BENEDICTO XVI
AUDIENCIA GENERAL
Palacio Apostólico de Castelgandolfo
Miércoles 11 de agosto de 2010
Miércoles 11 de agosto de 2010
El martirio
Queridos hermanos y
hermanas:
Hoy en la liturgia
recordamos a santa Clara de Asís, fundadora de las clarisas, luminosa figura de
la cual hablaré en una de las próximas catequesis. Pero esta semana —como ya
anticipé en el Ángelus del
domingo pasado— recordamos también a algunos santos mártires de los
primeros siglos de la Iglesia, como san Lorenzo, diácono; san Ponciano, Papa; y
san Hipólito, sacerdote; y a santos mártires de un tiempo más cercano a
nosotros, como santa Teresa Benedicta de la Cruz, Edith Stein, patrona de
Europa; y san Maximiliano María Kolbe. Quiero ahora detenerme brevemente a
hablar sobre el martirio, forma de amor total a Dios.
¿En qué se funda el
martirio? La respuesta es sencilla: en la muerte de Jesús, en su sacrificio
supremo de amor, consumado en la cruz a fin de que pudiéramos tener la vida
(cf. Jn 10, 10). Cristo es el siervo que sufre, de quien habla el
profeta Isaías (cf. Is 52, 13-15), que se entregó a sí mismo como
rescate por muchos (cf. Mt 20, 28). Él exhorta a sus discípulos, a
cada uno de nosotros, a tomar cada día nuestra cruz y a seguirlo por el camino
del amor total a Dios Padre y a la humanidad: «El que no toma su cruz y me
sigue —nos dice— no es digno de mí. El que encuentre su vida, la perderá; y el
que pierda su vida por mí, la encontrará» (Mt 10, 38-39). Es la lógica del
grano de trigo que muere para germinar y dar vida (cf. Jn 12, 24).

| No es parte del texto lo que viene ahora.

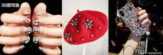 这位替身有自己的艺名——水钻,通常用于工艺品或易耗品的装饰,例如:美甲用水钻、手机壳用水钻、服装鞋帽用水钻等。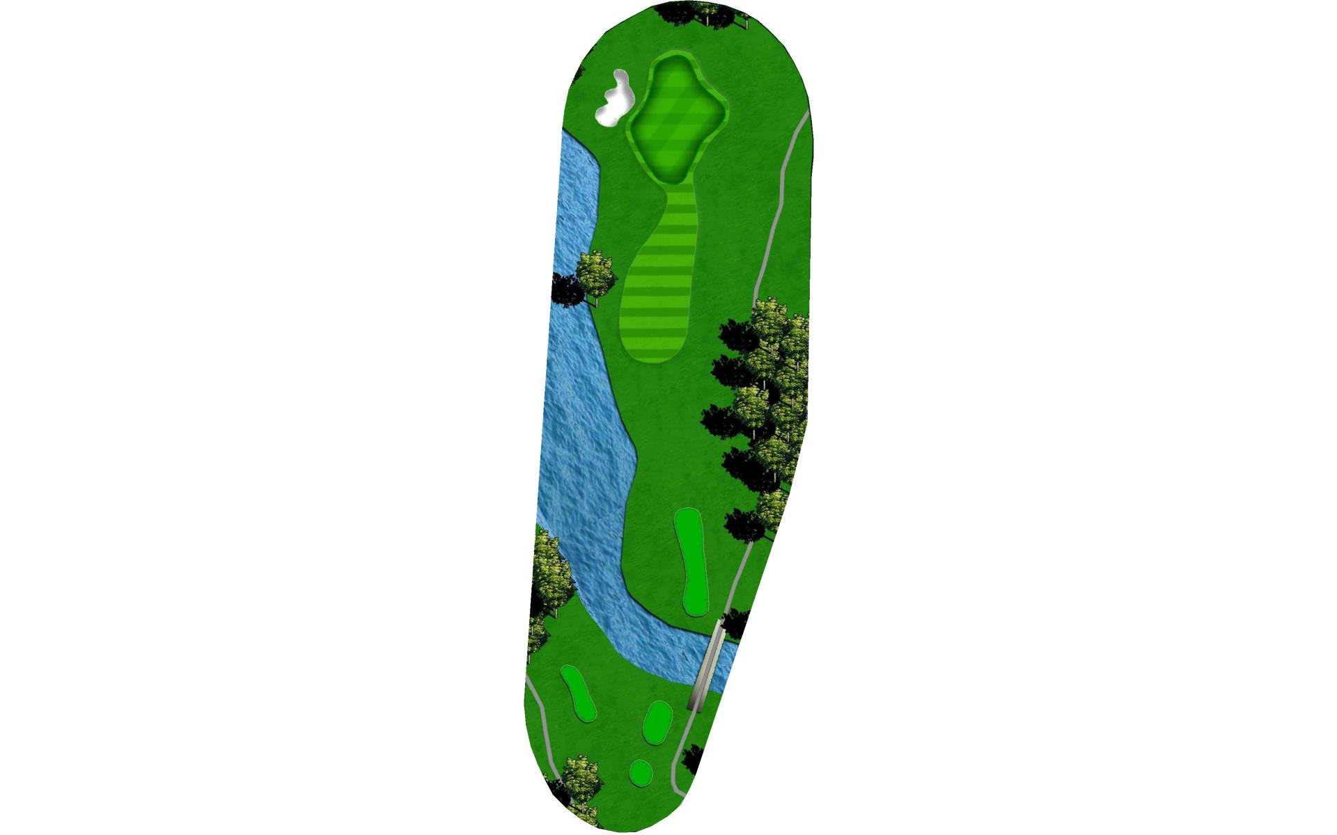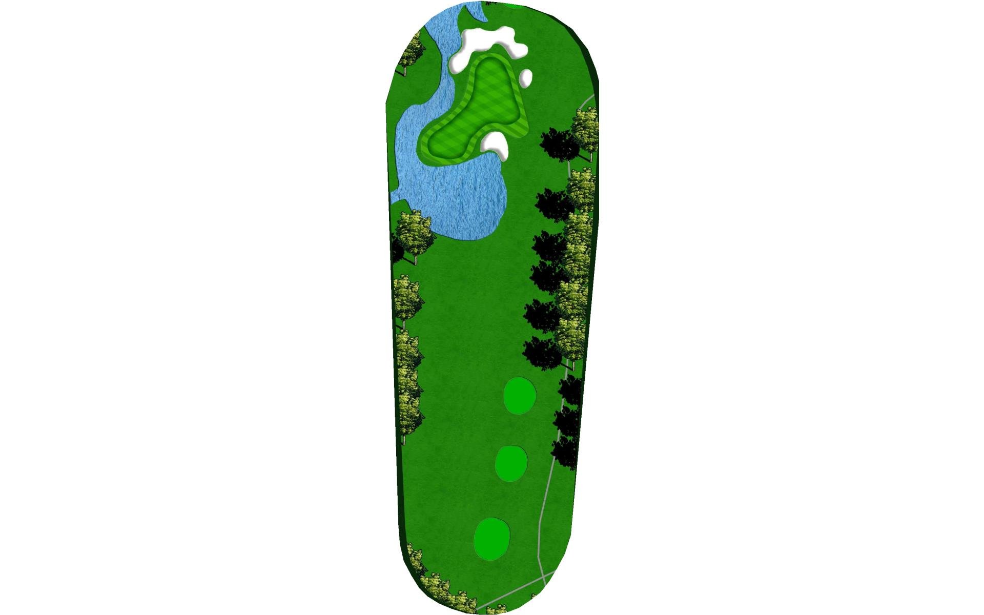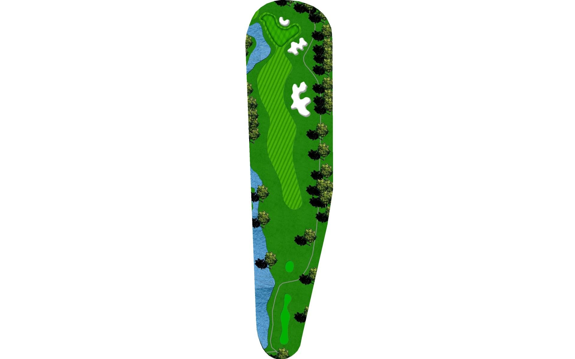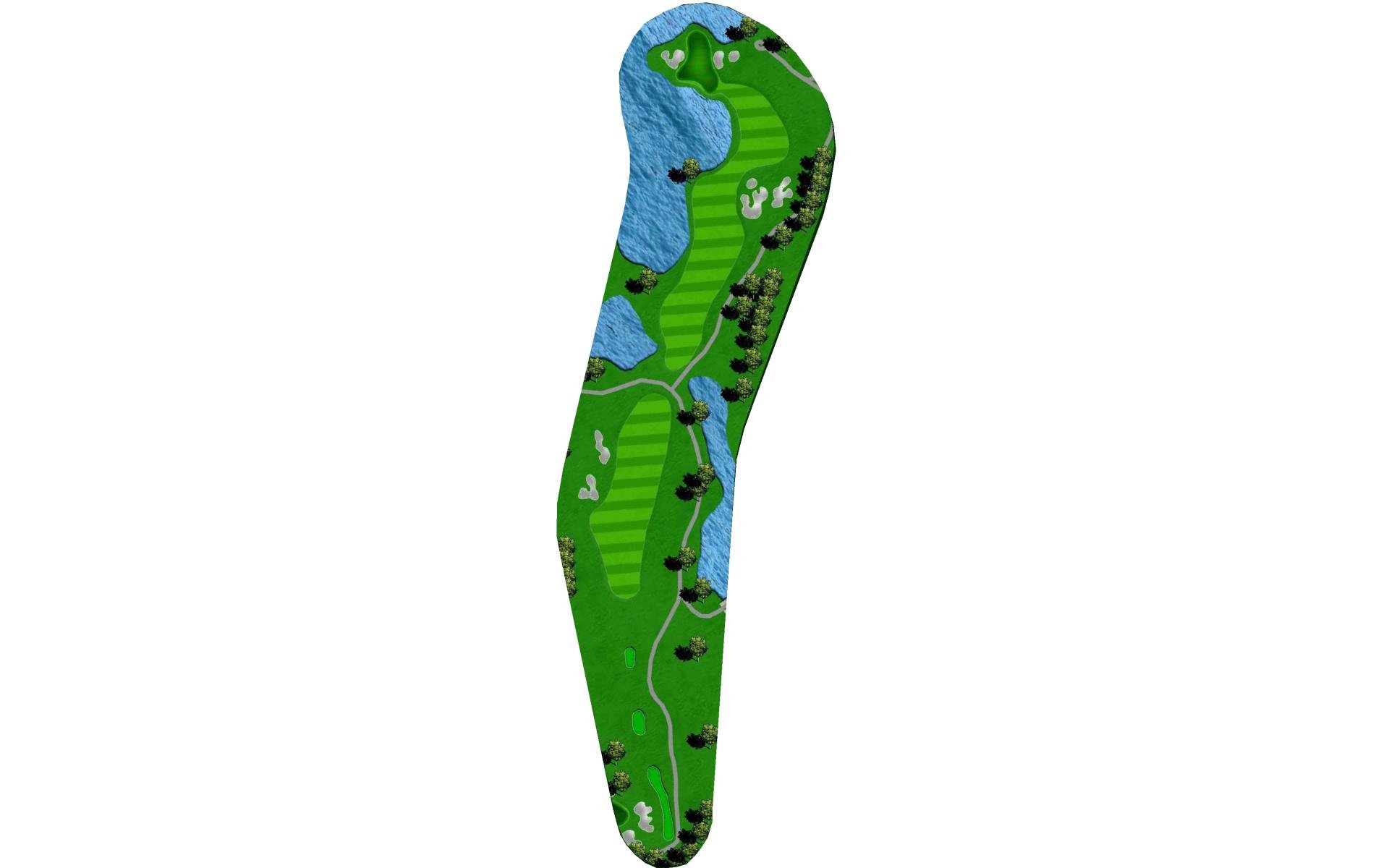 Long par 5. Driver or 3 metal off the tee is the play on this long Par 5. A pond about 270 yards out comes into play with any tee shots that miss the fairway on the right side. Another pond begins on the left side of the fairway roughly 200 yards away from the green and wraps around the left side to the back of the green. Layups must be positioned correctly as water comes into play on both your 2nd and 3rd shots.

Jesús mismo «es el grano de trigo venido de Dios, el grano de trigo divino, que
se deja caer en tierra, que se deja partir, romper en la muerte y, precisamente
de esta forma, se abre y puede dar fruto en todo el mundo» (Benedicto
XVI, Visita a la
Iglesia luterana de Roma, 14 de marzo de 2010; L'Osservatore
Romano, edición en lengua española, 21 de marzo de 2010, p. 8). El mártir sigue
al Señor hasta las últimas consecuencias, aceptando libremente morir por la
salvación del mundo, en una prueba suprema de fe y de amor (cf. Lumen gentium, 42).
Una vez más, ¿de dónde
nace la fuerza para afrontar el martirio? De la profunda e íntima unión con
Cristo, porque el martirio y la vocación al martirio no son el resultado de un
esfuerzo humano, sino la respuesta a una iniciativa y a una llamada de Dios;
son un don de su gracia, que nos hace capaces de dar la propia vida por amor a
Cristo y a la Iglesia, y así al mundo. Si leemos la vida de los mártires
quedamos sorprendidos por la serenidad y la valentía a la hora de afrontar el
sufrimiento y la muerte: el poder de Dios se manifiesta plenamente en la
debilidad, en la pobreza de quien se encomienda a él y sólo en él pone su
esperanza (cf. 2 Co 12, 9). Pero es importante subrayar que la gracia
de Dios no suprime o sofoca la libertad de quien afronta el martirio, sino, al
contrario, la enriquece y la exalta: el mártir es una persona sumamente libre,
libre respecto del poder, del mundo: una persona libre, que en un único acto
definitivo entrega toda su vida a Dios, y en un acto supremo de fe, de
esperanza y de caridad se abandona en las manos de su Creador y Redentor;
sacrifica su vida para ser asociado de modo total al sacrificio de Cristo en la
cruz. En una palabra, el martirio es un gran acto de amor en respuesta al
inmenso amor de Dios.
Queridos hermanos y
hermanas, como dije el miércoles pasado, probablemente nosotros no estamos
llamados al martirio, pero ninguno de nosotros queda excluido de la llamada
divina a la santidad, a vivir en medida alta la existencia cristiana, y esto
conlleva tomar sobre sí la cruz cada día. Todos, sobre todo en nuestro tiempo,
en el que parece que prevalecen el egoísmo y el individualismo, debemos asumir
como primer y fundamental compromiso crecer día a día en un amor mayor a Dios y
a los hermanos para transformar nuestra vida y transformar así también nuestro
mundo. Por intercesión de los santos y de los mártires pidamos al Señor que
inflame nuestro corazón para ser capaces de amar como él nos ha amado a cada
uno de nosotros.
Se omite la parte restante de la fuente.